Unraveling the network of ESG organizations can make your head spin.
Here we go: In 2021, the International Financial Reporting Standards (IFRS) Foundation Trustees established the International Sustainability Standards Board (ISSB), to collaborate with the International Accounting Standards Board (IASB) in developing the IFRS Sustainability Disclosure Standards.
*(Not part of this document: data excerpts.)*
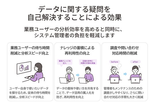 DataHarborを活用することで、データに関する疑問をユーザー自身で解消できるようになり、業務の効率化とナレッジの共有が促進されます。分析作業のスピード向上に加え、属人化の抑制や問い合わせ対応の削減といった効果が期待でき、組織全体でのデータ利活用を加速させます。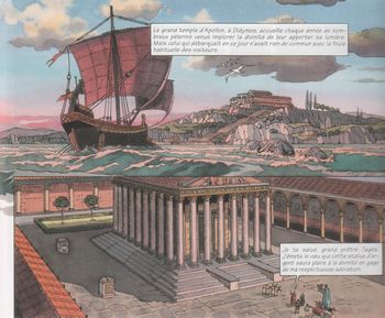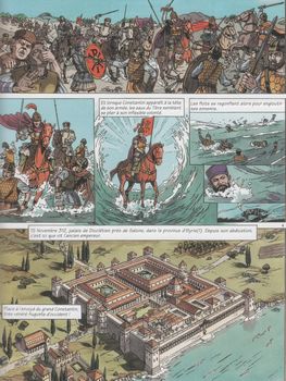 remarques: | album unique de la série, scénario: Gilles Chaillet, graphisme: Christophe Ansar - Rome 312 AC où Maxence règne par la terreur et se prépare à affronter Constantin et ses 40'000 soldats qui marchent sur Rome depuis Trèves, Constantin reçoit un soi-disant signe de Dieu "in hoc vince", mais qui est toutefois aussi un symbole germanique et Maxence est vaincu à la bataille du pont de Milvius - l'histoire de Dioclétien qui avait pris le pouvoir grâce aux légions et qui avait signé l'acte de persécution des chrétiens, Constantin, vainqueur, reconnait la religion chrétienne et veut récupérer le trésor des martyrs - en 286 AC, Dioclétien règne sur l'empire, mais ne veut pas règner seul, il prend l'Orient et cède l'Occident à Maximien Hercule, ils se nomment tous deux "auguste", ce sera la première tétrachie; Constance Chlore en Occident et Galère en Orient sont nommés co-empereurs sous le titre de "césar" - Galère alors général de Dioclétien combat les barbares et les repoussent au-delà du Danube, Galère vainqueur demande la main de Valeria, fille de Dioclétien, mais Galère est mal aimé par Valeria de par la haine qu'il voue aux chrétiens - Dioclétien arrange peu après la deuxième tétrachie avec Constance Chlore et Galère, Nicomédie devient la capitale de l'empire d'Orient >> p. 17 la construction de la retraite de Dioclétien à Salone (Split) avec une architecture de forteresse - puis Galère part en campagne contre les Perses, il s'empare de l'Arménie et de Ctésiphon, capitale de l'empire perse qui doit se soumettre; fort de sa puissance et de sa popularité, Galère commence à persécuter les chrétiens (parce qu'ils ne veulent pas combattre) et à se saisir de leurs biens >> p. 31 le temple d'Apollon à Didyme où Dioclétien prend conseil - finalement sous la pression de Galère, Dioclétien signe l'édit de persécution sur les chrétiens et abdique en faveur de Galère - à la mort de Constance Chlore, c'est Sévère qui est nommé césar, mais après la mort de Galère et de Sévère, Constantin, fils de Constance Chlore et Maxence fils de Maximien revendiquent tous deux le titre d'empereur - et ce sera Constantin Ier qui l'emportera alors que Dioclétien est encore en vie et en retraite en Illyrie, il mourra en 313 - devenu empereur, Constantin trouvera le trésor des martyrs, resp. le trésor de l'Eglise de Nicomédie, que son évêque Anthime, avant d'être exécuté par Galère, avait dissimulé dans le socle d'une statue de Jupiter! >> p. 47/48 les lieux où se passent ces évènements et description des principaux personnages du récit - Rome: avec les thermes de Dioclétien, reste la plus belle ville du monde antique - Salone (Split) est aujourd'hui l'un des sommets touristiques de l'Illyrie (Croatie) - Sirmium = ancienne ville forteresse se trouve sur la rive sud du Danube - Nicomédie (Izmit) fut la capitale de l'empire d'Orient avant que Constantin Ier fit construire sa nouvelle capitale Constantinople qui devint par la suite Bizance puis Istamboul >> le récit de Chaillet est plutôt intéressant glorifiant quelque peu (apologie) les premiers chrétiens, tandis que le graphisme de Ansar reste acceptable annexes - couverture de l'album - deux illustrations sur la forteresse-retraite de Salone (Split) - le grand temple d'Apollon à Didymes, cité antique située en Asie Mineure (Ionie) |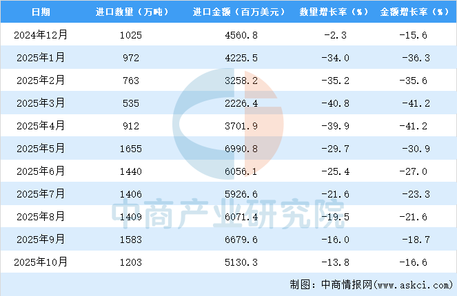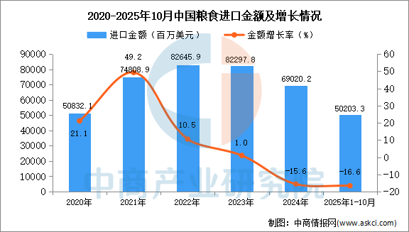 從金額方面來看,數(shù)據(jù)顯示,2025年1-10月中國糧食進口金額50203.3百萬美元,同比下降16.6%。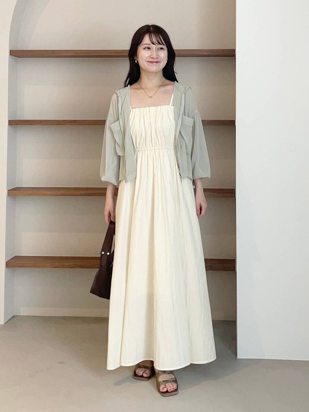 155cm|骨格ウェーブ 【パーカー】 毎年大人気のシアーパーカーが今年も❤︎ カジュアルになりがちなパーカーも、楊柳素材で フェミニンコーデにも合わせやすい! 上品な透け感なのでタンクトップにさらっと羽織るのも◎ 【ワンピース】 袖の位置を変えたり、袖を取ってキャミワンピースのみでも着用できるワンピース。 キャミワンピースバージョンでの着こなしです。 シャカシャカとした素材で、スポサンと合わせてカジュアルスタイルも楽しめます。 胸元には柔らかいゴムが入っており、かがんでも安心なデザイン! アジャスターがついていますが、1番上に調整しても、155cmで足首くらいでした。少し長めです。 【サンダル】 フロント部分のギャザーが可愛いデザイン!スポサンでもカジュアルになりすぎない細めラインと厚底具合♪ ※サンプルのためシューズはLサイズを着用していますが、普段は23.5cmでMサイズを履いています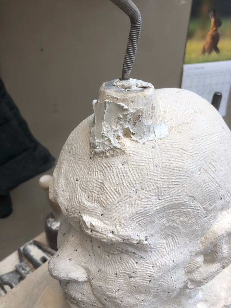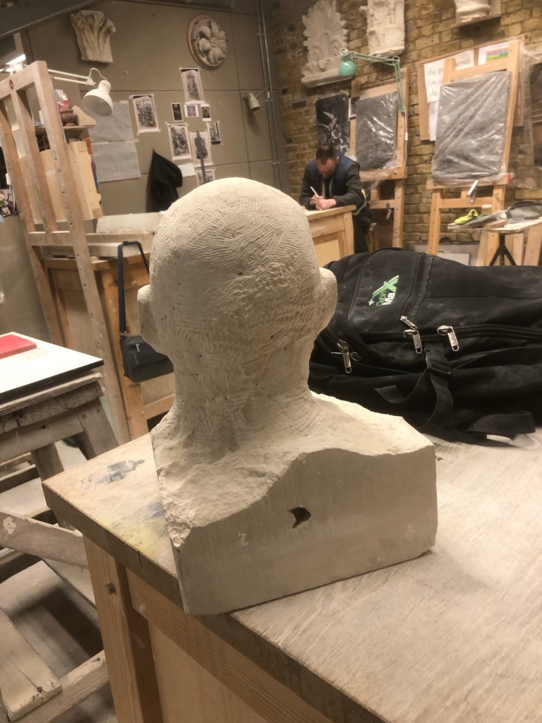 Finished Phil (to a degree) for the show with Kofi, hapoy but made a huge fuck up at the start which I discovered today. Drilled hole for pointing machine way too low so had to repair that once the top came off, luckily the fault didn’t break so didn’t have to deal with that too. Just put glue around the vault while I punched the neck and stone to blend the portrait into the block. Happy with how it looks, looking forward to getting more detail and refining the form.
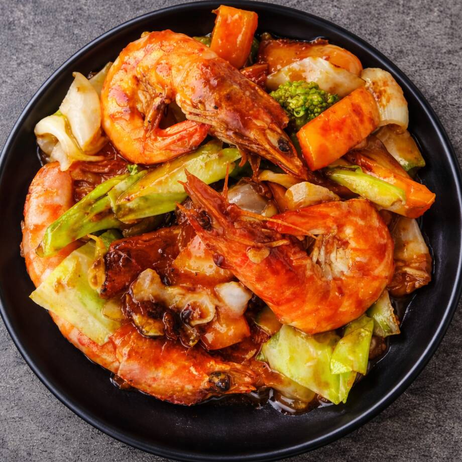 Camarones salteados con vegetales en salsa de soya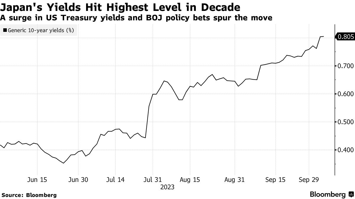 目前,日元兑美元正运行在149附近,接近150的关键心理关口,距离30多年来的最低水平不远。与此同时,日本国债承受巨大卖压,因为日本国内通胀和美债收益率飙升促使交易员押注日本央行会尽早转变政策。 尽管日本央行已经采取了额外措施来减缓这一趋势,即增加债券购买,但长期日本国债收益率本周仍触及10年来的最高水平。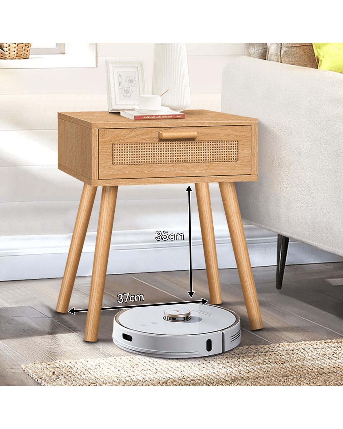 Made of superior E1 grade and 15mm thick particle board, this bedside table is designed to be highly durable. Unlike some other sellers, we have no compromise on materials Use - stead of flimsy paper finish, our bedside table is well made with melamine finish. It is not only easy to maintain and clean, but also long lasting and durable. Equipped with solid legs, this bedside table offers ample clearance for your robot vacuum to manoeuvre underneath, ensuring efficient and thorough cleaning. Being functional yet stylish, you will definitely love our bedside table.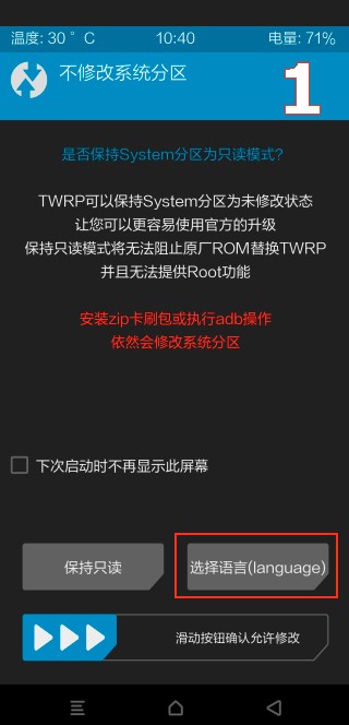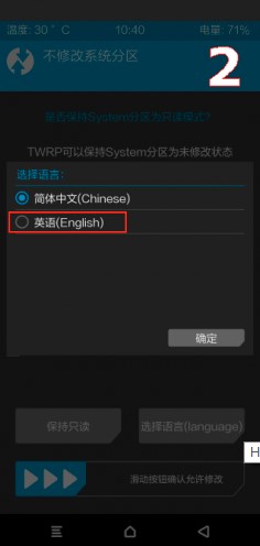 4. По дефолту TWRP на китайском. Сменить язык на английский.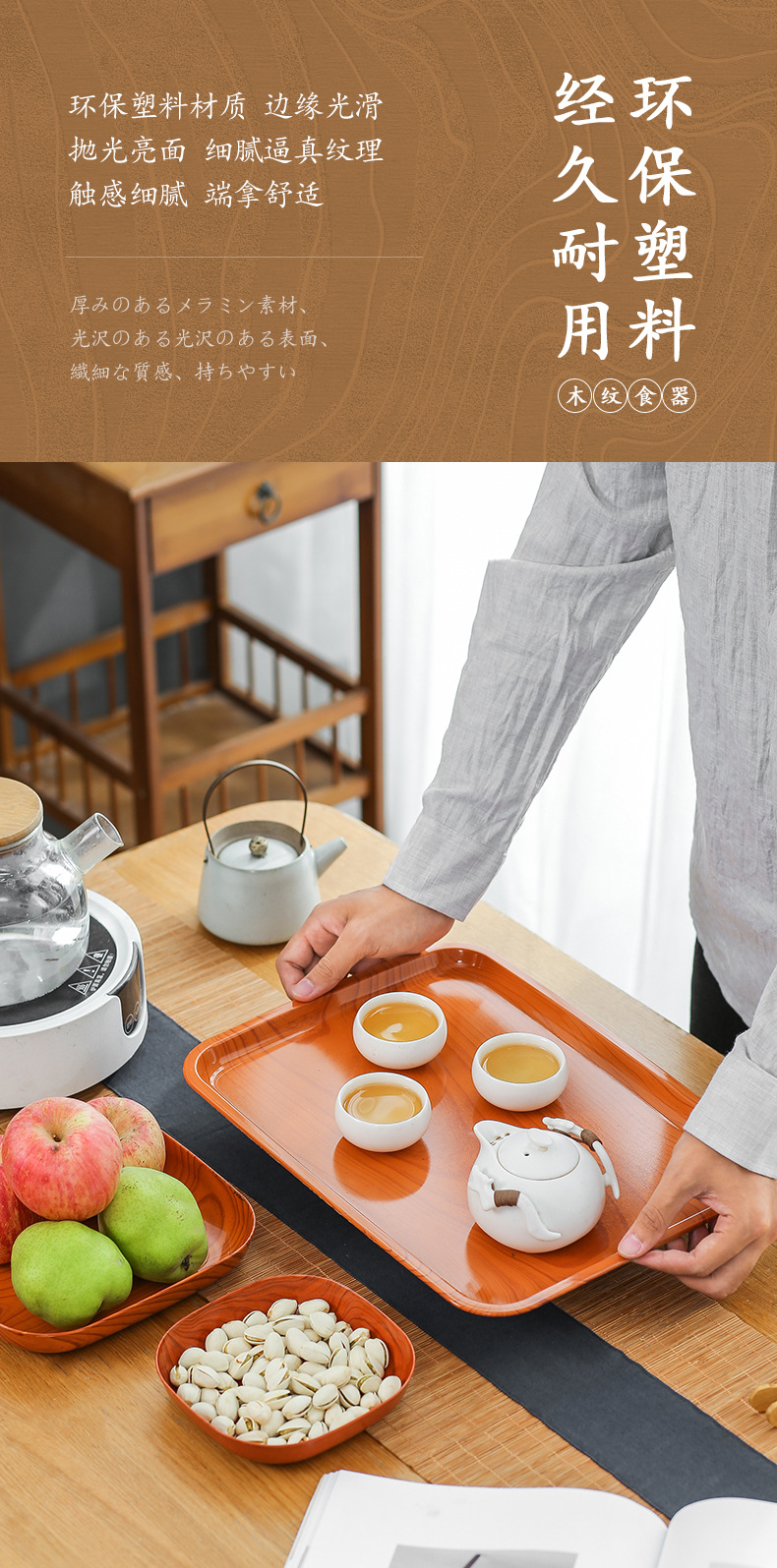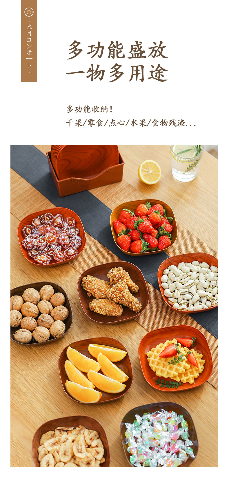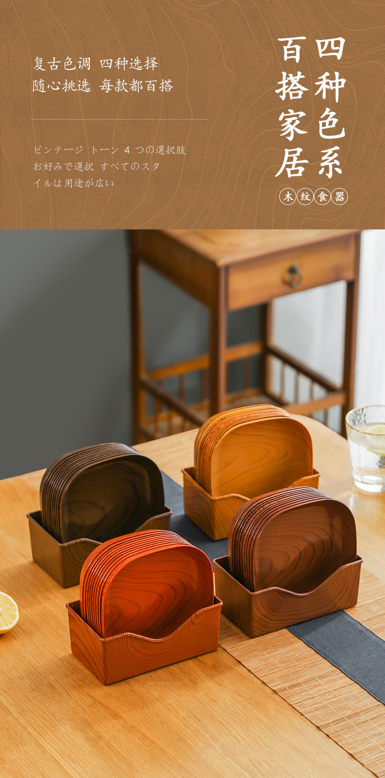 새로운 가정용 침을 뱉는 뼈 접시 일본식 모조 나뭇결 간식 간식 과일 접시 식품 학년 플라스틱 간식 접시 뼈 접시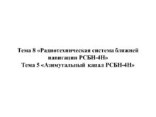 Тема 8 «Радиотехническая система ближней навигации РСБН-4Н» Тема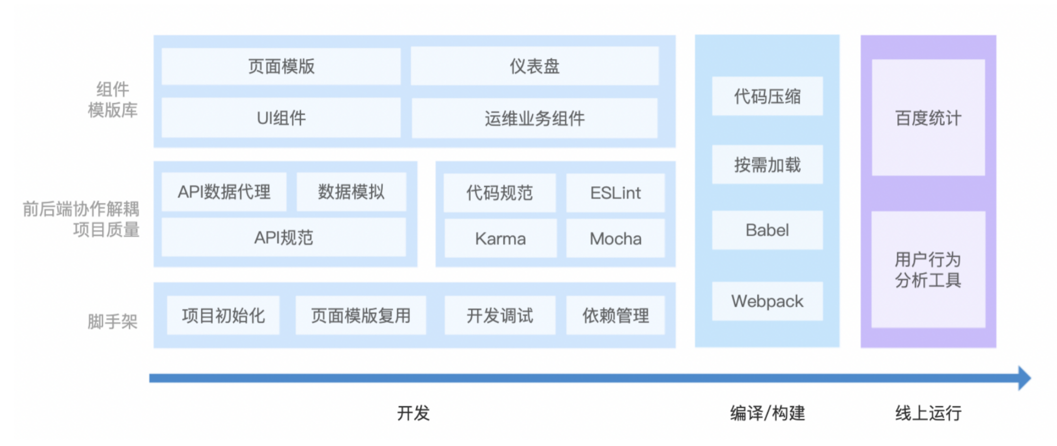 此外我们也结合丰富的运维前端研发经验沉淀出项目开发的最佳实践,包括项目初始目录结构、页面模板复用、开发调试、前后端协作、前端路由管理、编译构建、线上运行统计分析等,同时也将上述部分功能和实践集成到了脚手架中,通过输入简单的命令就能很简单高效的完成项目初始化、页面模板复用、项目开发调试。这些工具和功能通过建立规范的前端工程化体系能在页面模板和仪表盘的基础上再次提升运维前端项目的研发效率。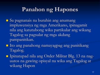 570 na nagtatakdang wikang opisyal na ang pambansang wika. 2017-09-13 b Y X 2 g m 1 p KASAYSAYAN NG WIKA SA PANAHON NG HAPONES F E Noong 1942 hanggang 1945 noong ikalawang dalawang digmaang pandaigdig kung kailan nilusob ng Imperyo ng Hapon ang Pilipinas na dating tinatabanan o nasa ilalim ng kapangyarihan ng Estados Unidos. Magkakaroon ng pambansang pagkakaisa.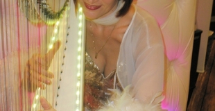 La diva à la harpe blanche accompagne en toute interactivité en direct le jongleur Jeremy James dans son grand numéro d'anneaux ... les constellations d' anneaux manipulés, ses mouvements chorégraphiques et dansants unis avec les sons cristallines et aériens de la harpe, deux artistes chacun dans son art mais en se complètent encore ... en duo!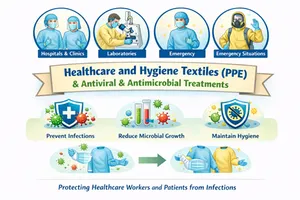 In healthcare environments, infection control has become a major concern as hospital-acquired infections, antimicrobial resistance, and viral outbreaks continue to increase. Medical textiles often come into direct or indirect contact with skin, blood, tissues, and body fluids, making them potential carriers of bacteria and viruses. To address these challenges, antiviral and antimicrobial treatments are increasingly applied to medical textiles to inhibit microbial growth, prevent biofilm formation, and enhance patient and healthcare worker safety. This overview discusses the importance of various medical textile categories and explains why antiviral and antimicrobial treatments are essential for their effective performance.

Currently, the IASB sets IFRS Accounting Standards, and the ISSB (which is itself a consolidation of two other organizations) sets IFRS Sustainability Disclosure Standards.
Some of the other organizations in the field include:
- The Task Force on Climate-Related Financial Disclosures: Released climate-related financial disclosure recommendations in 2017 that are currently influencing legislation in the US and Canada.
- The World Economic Forum: Published a set of 21 core and 24 expanded Stakeholder Capitalism Metrics in 2020 based on input and consultations with global stock exchanges, regulators, nonprofits, and the European Commission.
- The Global Reporting Initiative, or GRI: The first and most widely used global standard for non-financial or sustainability reporting. Started by non-profits in the early 1990s, the initiative aims to help companies gather and share ESG information.
Building an ESG Strategy for Your Ecommerce Company
According to Williams, choosing a standard for your company should be based on the level you want to achieve, the areas you are focused on, and what you feel comfortable with. “Generally, start small,” said Williams. “Choose a standard that supports you the best as an organization, thinking about those perhaps that are more heavily used.”
ESG addresses three cases for change, said Williams: moral, business, and compliance.
The [companies] that don’t give up [on ESG] lean a bit more on the moral side. They believe it’s the best for the business, but also for society.Alicia Williams, Associate with WATSON Advisors
ESG may not be straightforward, but the initiative towards more environmentally conscious ways of doing business is not likely to go away anytime soon, said Williams.
Changes to your company that come with adopting, measuring, and reporting ESG principles are intended to add value to your bottom line while avoiding future risks. And if you have ambitions to grow into a major company, starting on ESG compliance now can set you ahead in terms of regulatory compliance.
ESG Isn’t The Only Tool For Change For Your Business
The era when considering social, ethical, or environmental issues over profit was thought of as bad business is practically over. Of course, the road to more diligent corporate practices will take time to refine.